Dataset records
--------------------------------------------------

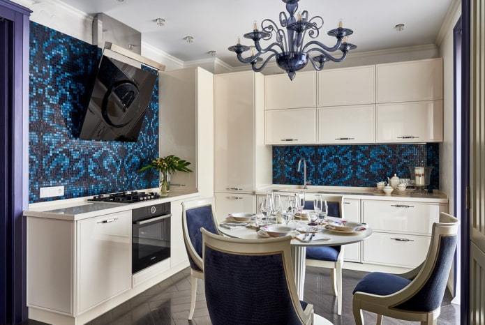 На фото мозаичная плитка с узорами в оформлении рабочей зоны в интерьере кухни.
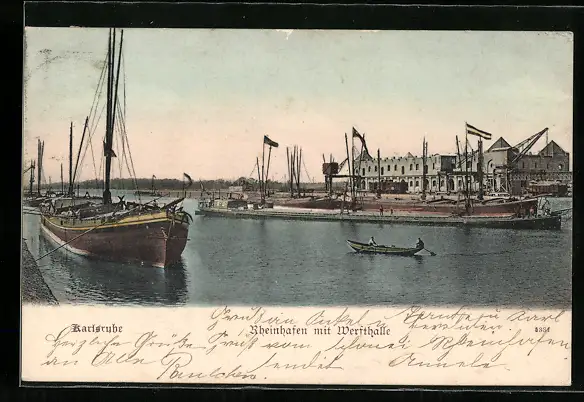 AK Karlsruhe i. B., Rheinhafen-Partie mit Werfthalle
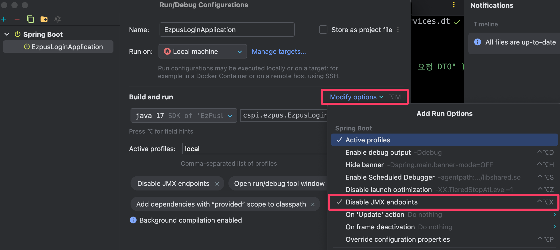 IntelliJ + SpringBoot 를 개발하던 중 아래와 같은 경고 메시지가 계속 뜨고 있습니다.
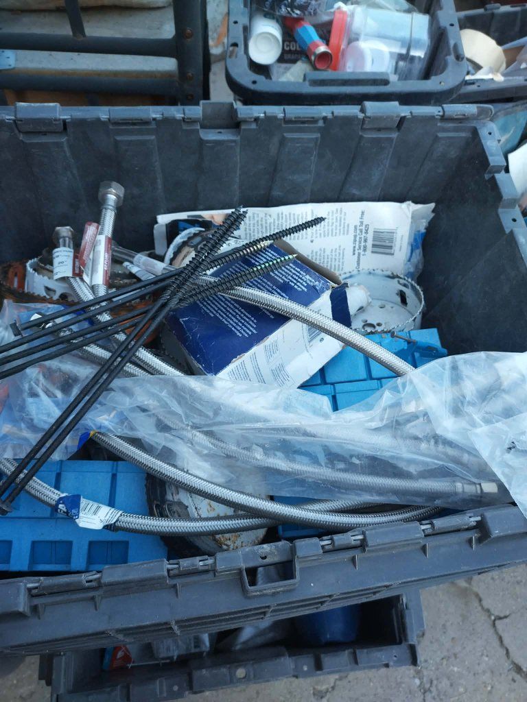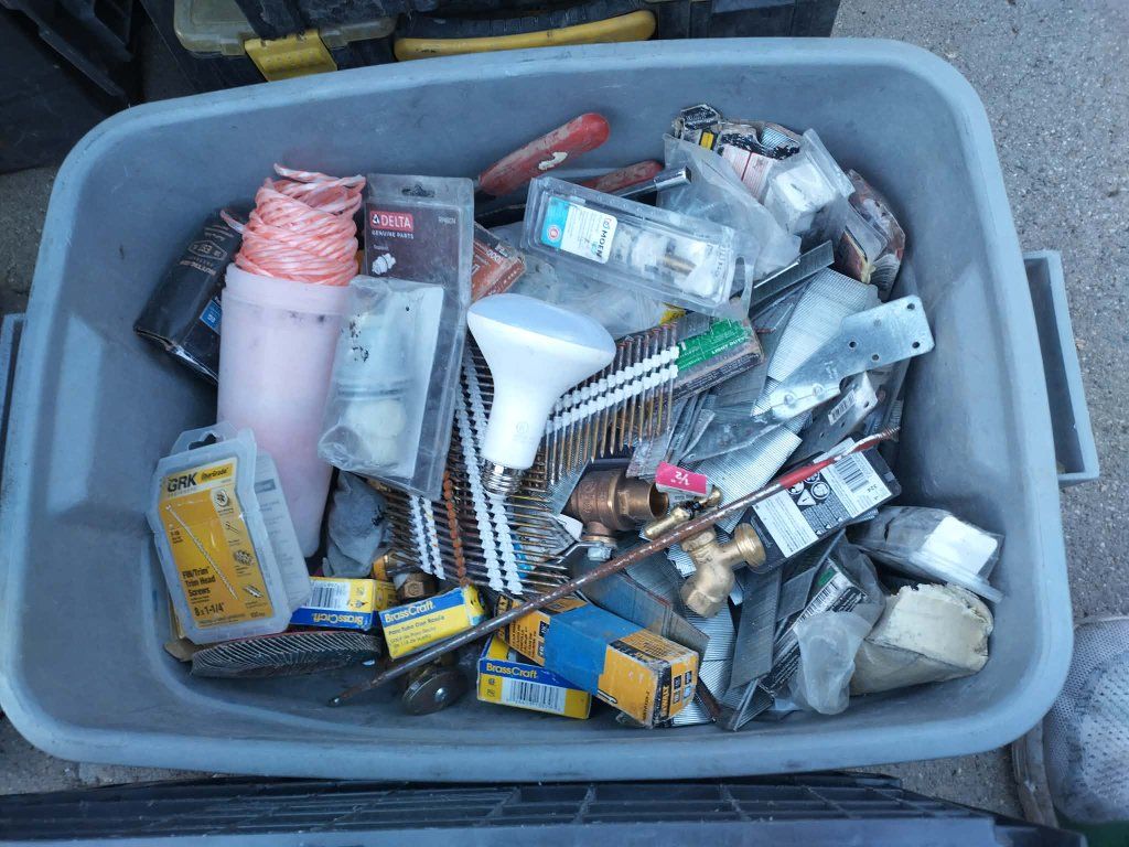 My landlord gave me an ultimatum to move my stuff out of my garage so I can park my car in the garage so my loss is your gain today only I need to sell this whole lot of everything for 250 bucks otherwise I'm just going to haul it all to storage today and break it into smaller lots and sell it individual smaller lots on Ebay THERE ARE $2,500 in remodeling electrical plumbing heating and AC framing and campentry parts and tools there
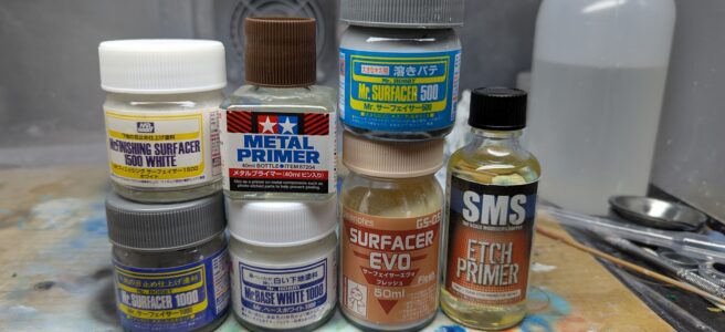 Surfacers can be marketed with primer functions (See Mr Color’s Mr Base Primer or regular hardware store brands that sell “primer and filler” spray cans). This is where my confusion on the topic began and why I thought it might be useful for me to type my findings out here.
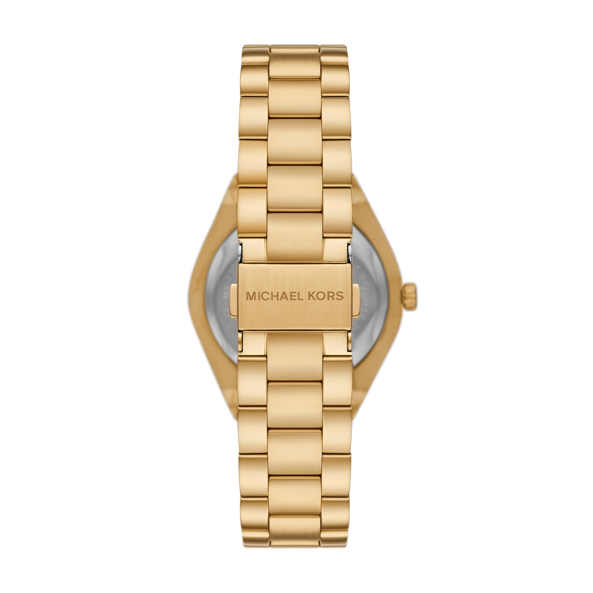 Michael Kors' 37mm Lennox watch features a white sunray dial, three-hand movement and gold-tone stainless steel bracelet.
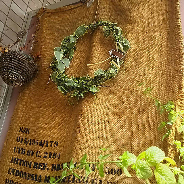 satokoさんはコーヒーの麻袋を、隣室との隔て板のカバーに使用されています。マンションの隔て板は無彩色が多く、なんとなく冷たく感じてグリーンに似合わない場合も。麻袋ならツルニチニチソウのリースやほかのグリーンにも似合うので、GOODアイデアですね♪
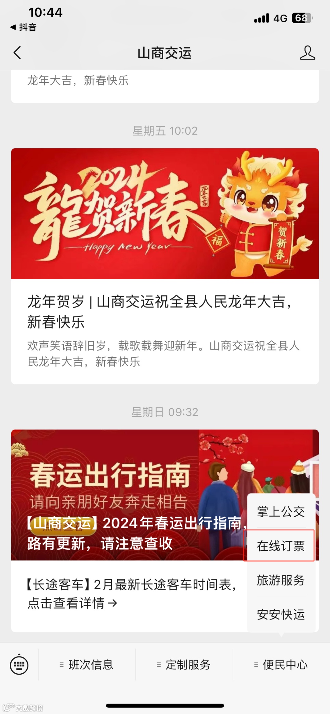 微信公众号【山商交运咨询】,包括商河县长途汽车总站在线客服、班次咨询、约车包车、旅游定制、订票服务、在线退改签等服务功能。
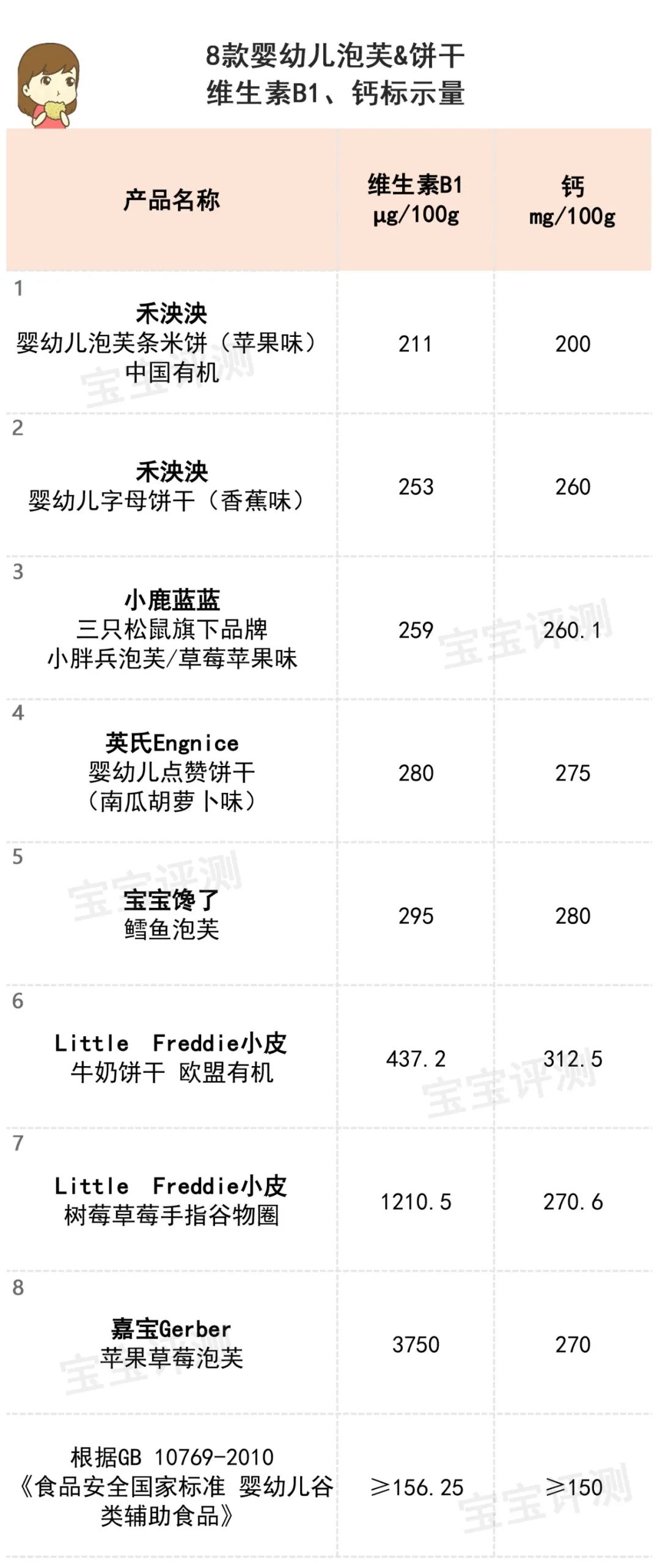 8款產(chǎn)品均達(dá)到國標(biāo)要求的低維生素B1和鈣含量。其中,小皮和嘉寶泡芙的含量更高一些。
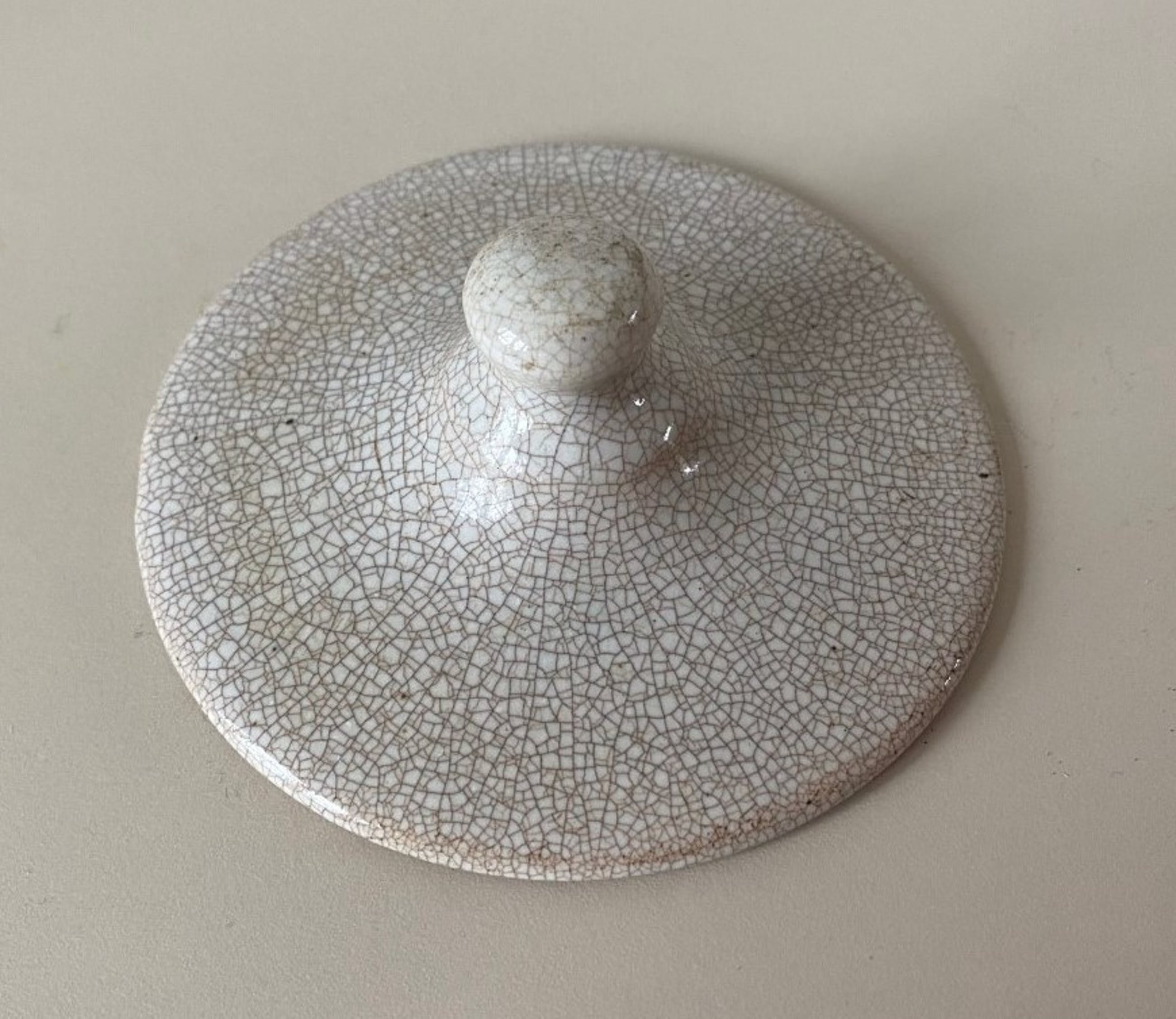 De Cafetierre incluis onderdelen heeft veel craquele, een chipje op de tuit en de deksel om de koffie aan te drukken ook. De suikerpot en het het roomkannetje zijn onbeschadigd
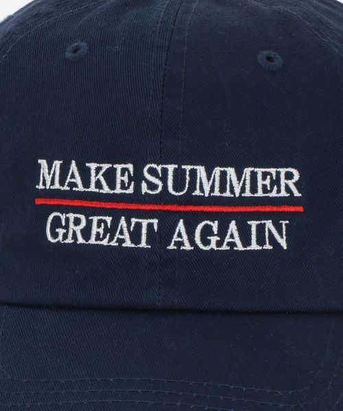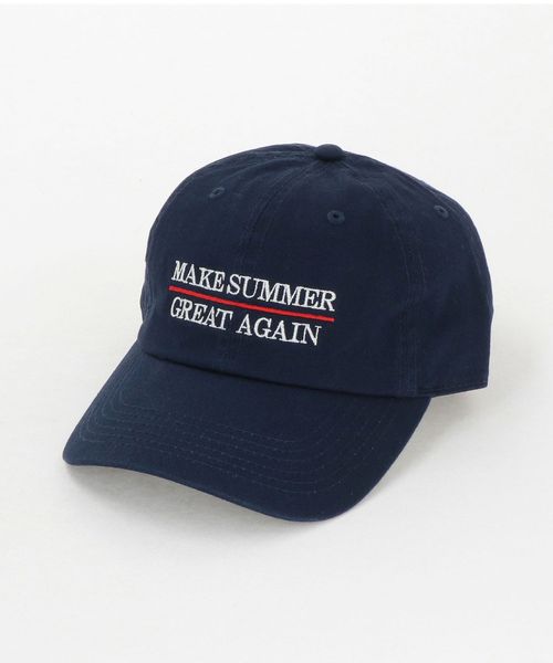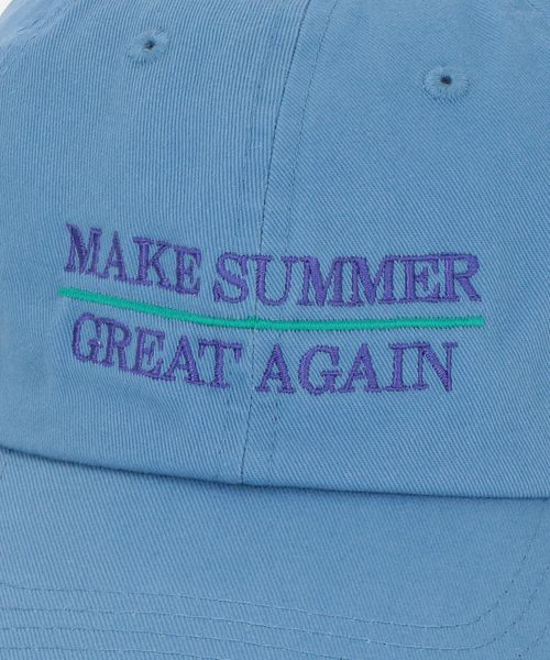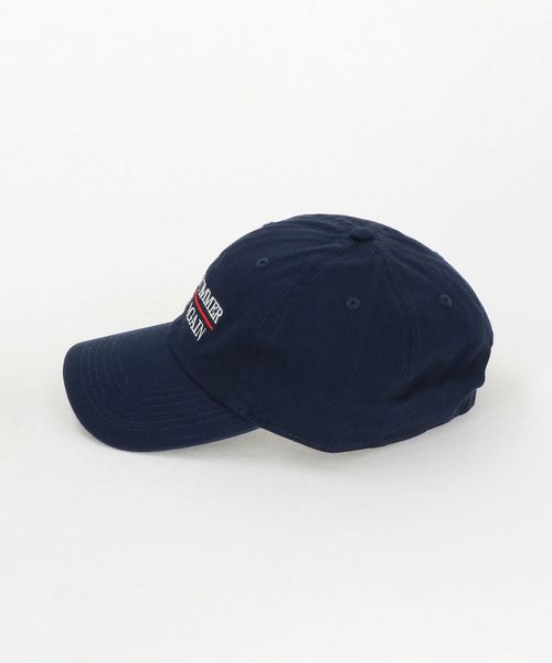1992年のムードを服として表現したコレクションより、フロントのアイロニカルなメッセージ刺繍が印象的なキャップ。
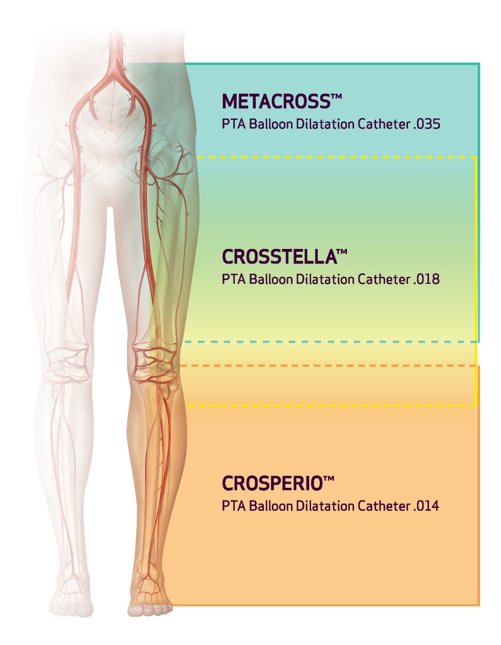 *Diameter range: METACROSS® RX/OTW (3-12 mm); CROSSTELLA® RX/OTW (2-6 mm); CROSPERIO® RX/OTW (1.5-4 mm)
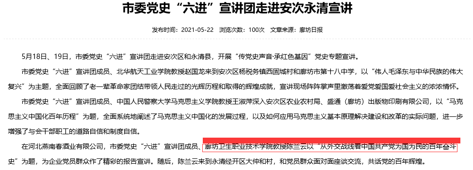 5月19日,我院思政部教研室主任、市委党史“六进”宣讲团成员陈兰云教授,走进永清县,开展“传党史声音·承红色基因”党史专题宣讲。
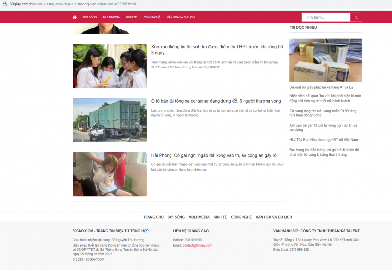 Ngoài các tin, bài nêu trên còn có rất nhiều tin, bài trên 60giay.com có dấu hiệu sản xuất chui, gắn link giả để qua mặt cơ quan quản lý, như: “Bệnh viện Đa khoa tỉnh Bình Dương lên tiếng vụ đau ruột thừa nhưng cắt buồng trứng” đăng tải vào lúc 12 giờ 40 phút ngày 16/7/2023; “Xác định nguyên nhân người phụ nữ tử vong trong quán cà phê” đăng tải lúc 14 giờ 05 phút ngày 16/7/2023; “Bé trai 12 tuổi được các bác sĩ nối lại đầu sau vụ tai nạn ô tô” đăng tải lúc 9 giờ 42 phút ngày 16/7/2023…

--------------------------------------------------

Your copy should hold all the data word for word. It should hold no pictures.

 На фото мозаичная плитка с узорами в оформлении рабочей зоны в интерьере кухни.
 AK Karlsruhe i. B., Rheinhafen-Partie mit Werfthalle
 IntelliJ + SpringBoot 를 개발하던 중 아래와 같은 경고 메시지가 계속 뜨고 있습니다.
 My landlord gave me an ultimatum to move my stuff out of my garage so I can park my car in the garage so my loss is your gain today only I need to sell this whole lot of everything for 250 bucks otherwise I'm just going to haul it all to storage today and break it into smaller lots and sell it individual smaller lots on Ebay THERE ARE $2,500 in remodeling electrical plumbing heating and AC framing and campentry parts and tools there
 Surfacers can be marketed with primer functions (See Mr Color’s Mr Base Primer or regular hardware store brands that sell “primer and filler” spray cans). This is where my confusion on the topic began and why I thought it might be useful for me to type my findings out here.
 Michael Kors' 37mm Lennox watch features a white sunray dial, three-hand movement and gold-tone stainless steel bracelet.
 satokoさんはコーヒーの麻袋を、隣室との隔て板のカバーに使用されています。マンションの隔て板は無彩色が多く、なんとなく冷たく感じてグリーンに似合わない場合も。麻袋ならツルニチニチソウのリースやほかのグリーンにも似合うので、GOODアイデアですね♪
 微信公众号【山商交运咨询】,包括商河县长途汽车总站在线客服、班次咨询、约车包车、旅游定制、订票服务、在线退改签等服务功能。
 8款產(chǎn)品均達(dá)到國標(biāo)要求的低維生素B1和鈣含量。其中,小皮和嘉寶泡芙的含量更高一些。
 De Cafetierre incluis onderdelen heeft veel craquele, een chipje op de tuit en de deksel om de koffie aan te drukken ook. De suikerpot en het het roomkannetje zijn onbeschadigd
1992年のムードを服として表現したコレクションより、フロントのアイロニカルなメッセージ刺繍が印象的なキャップ。
 *Diameter range: METACROSS® RX/OTW (3-12 mm); CROSSTELLA® RX/OTW (2-6 mm); CROSPERIO® RX/OTW (1.5-4 mm)
 5月19日,我院思政部教研室主任、市委党史“六进”宣讲团成员陈兰云教授,走进永清县,开展“传党史声音·承红色基因”党史专题宣讲。
 Ngoài các tin, bài nêu trên còn có rất nhiều tin, bài trên 60giay.com có dấu hiệu sản xuất chui, gắn link giả để qua mặt cơ quan quản lý, như: “Bệnh viện Đa khoa tỉnh Bình Dương lên tiếng vụ đau ruột thừa nhưng cắt buồng trứng” đăng tải vào lúc 12 giờ 40 phút ngày 16/7/2023; “Xác định nguyên nhân người phụ nữ tử vong trong quán cà phê” đăng tải lúc 14 giờ 05 phút ngày 16/7/2023; “Bé trai 12 tuổi được các bác sĩ nối lại đầu sau vụ tai nạn ô tô” đăng tải lúc 9 giờ 42 phút ngày 16/7/2023…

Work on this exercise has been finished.